Data Engineer

Post Date

Jun 08, 2026

Location

Houston,
Texas

ZIP/Postal Code

77079

Job Type

Contract-to-perm

Job Description

• Design, build, and maintain data ingestion pipelines from SQL Server into Azure Databricks using CDC-based and batch patterns
• Implement and manage medallion architecture (Bronze, Silver, Gold) using Delta Lake and Unity Catalog
• Write and optimize complex T-SQL queries, stored procedures, and CDC configurations on Microsoft SQL Server
• Develop PySpark and Spark SQL transformations for large-scale data processing and curated analytical layers
• Build and maintain vector database pipelines that transform structured and unstructured source data into embeddings for downstream AI and search applications
• Collaborate with BI and analytics teams to deliver curated data models, dashboards, and AI/BI Genie experiences
• Configure and troubleshoot connectivity between SQL Server, Databricks, and third-party connector applications
• Monitor pipeline health, implement alerting, and resolve data quality and performance issues proactively
• Maintain technical documentation for pipelines, schemas, and architectural decisions

Pay Rate - 70-80hr

We are a company committed to creating diverse and inclusive environments where people can bring their full, authentic selves to work every day. We are an equal opportunity/affirmative action employer that believes everyone matters. Qualified candidates will receive consideration for employment regardless of their race, color, ethnicity, religion, sex (including pregnancy), sexual orientation, gender identity and expression, marital status, national origin, ancestry, genetic factors, age, disability, protected veteran status, military or uniformed service member status, or any other status or characteristic protected by applicable laws, regulations, and ordinances. If you need assistance and/or a reasonable accommodation due to a disability during the application or recruiting process, please send a request to HR@insightglobal.com.To learn more about how we collect, keep, and process your private information, please review Insight Global's Workforce Privacy Policy: https://insightglobal.com/workforce-privacy-policy/.

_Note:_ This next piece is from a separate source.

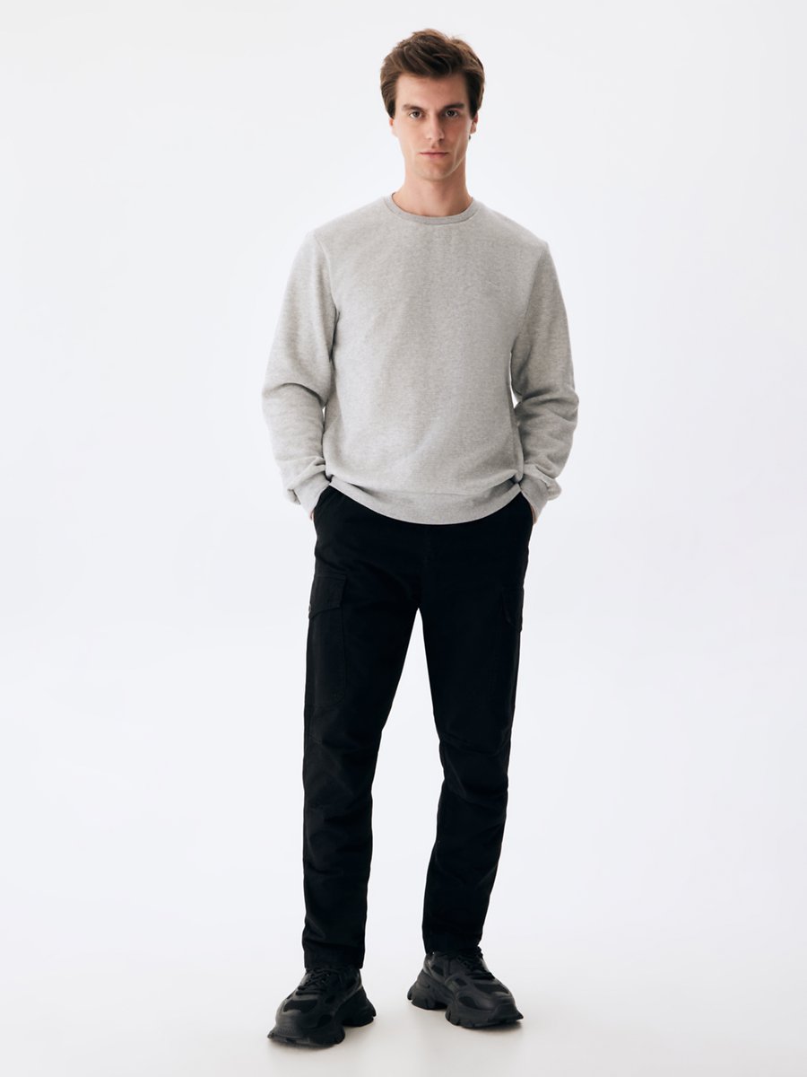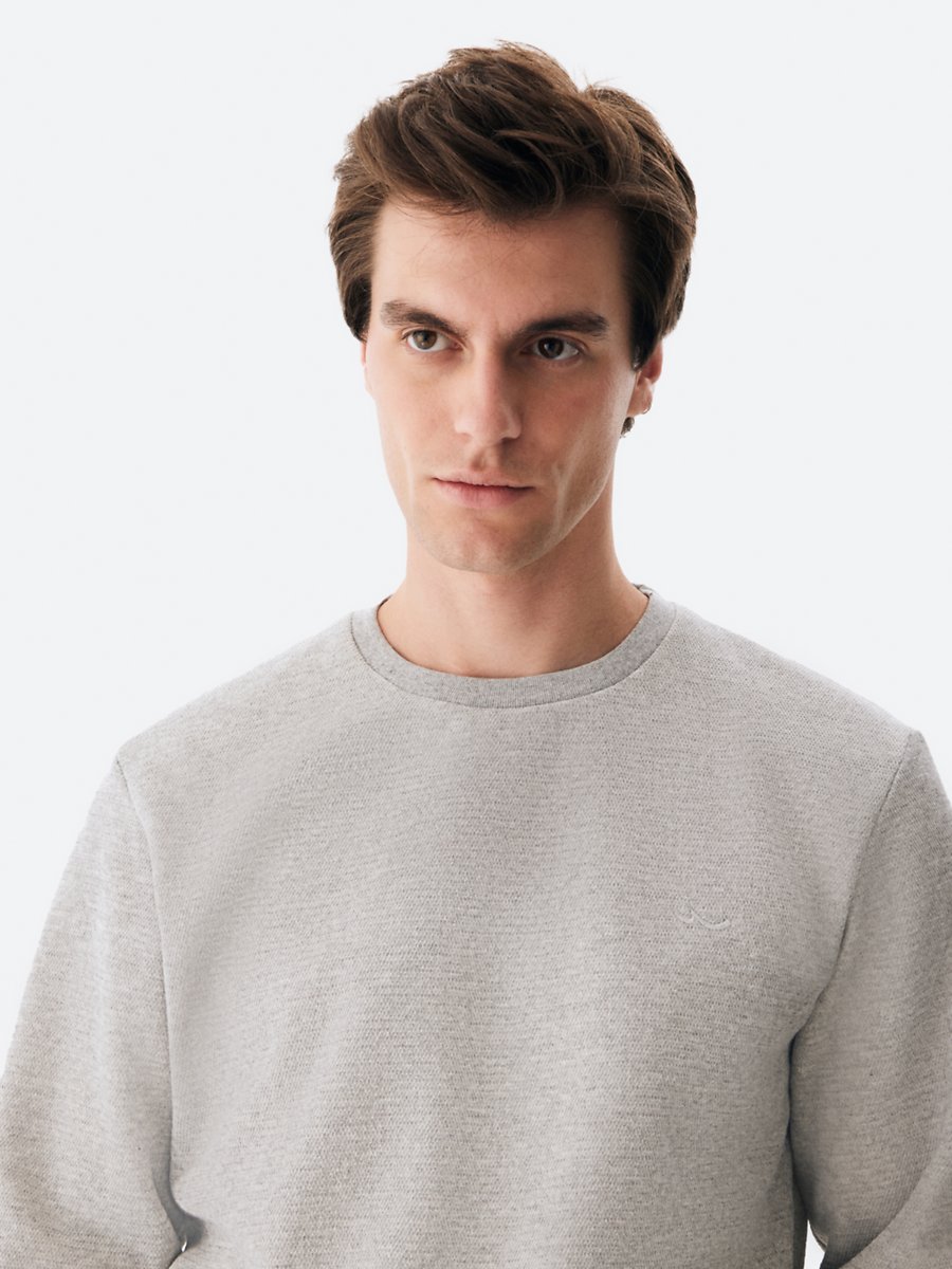 Bisiklet Yaka Uzun Kollu Basic Gri Sweatshırt

Required Skills & Experience

SQL Server (MSSQL)
• 3+ years of hands-on experience with Microsoft SQL Server (2016 or later)
• Proficiency in T-SQL including CTEs, window functions, dynamic SQL, and query optimization
• Experience configuring and managing Change Data Capture (CDC) for incremental data extraction
• Ability to read execution plans; experience with indexing strategies and statistics management
• Working knowledge of isolation levels, locking behavior, and blocking resolution (RCSI, snapshot isolation)
• Understanding of replication topologies and their impact on downstream pipeline design
Azure Databricks
• 2+ years building notebooks, jobs, and workflows in Azure Databricks
• Hands-on experience implementing Bronze/Silver/Gold medallion architecture using Delta Lake
• Proficiency in PySpark and Spark SQL for large-scale data transformation
• Experience with Unity Catalog for governance and access control
• Experience implementing CDC-based incremental pipelines using watermarks or Delta merge patterns
• Familiarity with cluster configuration, compute management, and job scheduling
Data integration & connectors
• Experience configuring JDBC/ODBC connectivity between SQL Server and cloud compute platforms
• Familiarity with one or more connector/orchestration platforms (Azure Data Factory, Fivetran, dbt, or similar)
• Understanding of Azure networking (VNet peering, NSGs, private endpoints)
• Experience with secret management using Azure Key Vault and Databricks secret scopes
Vector databases & AI infrastructure
• Experience designing and managing vector databases (Pinecone, Weaviate, Chroma, pgvector, or similar)
• Understanding of embedding models and how to generate, store, and query vector representations of data
• Familiarity with similarity search concepts (cosine similarity, ANN indexing such as HNSW or IVF)
• Experience integrating vector stores into retrieval pipelines (RAG patterns, semantic search, or recommendation systems)
General engineering
• Proficiency in Python for pipeline development and automation
• Version control experience using Git
• Strong written communication skills; ability to produce and maintain technical documentation
• Comfortable working within Azure cloud environments

Nice to Have Skills & Experience

• Experience with Tableau, Power BI, or similar BI tools as a downstream data consumer
• Familiarity with ERP source systems (field service management, inventory, or financial platforms)
• Experience with dbt for transformation layer management
• Knowledge of cloud cost optimization strategies for Databricks compute
• Microsoft Certified: Azure Data Engineer Associate or equivalent certification
• Exposure to LLM orchestration frameworks such as LangChain or LlamaIndex

Benefit packages for this role will start on the 1st day of employment and include medical, dental, and vision insurance, as well as HSA, FSA, and DCFSA account options, and 401k retirement account access with employer matching. Employees in this role are also entitled to paid sick leave and/or other paid time off as provided by applicable law.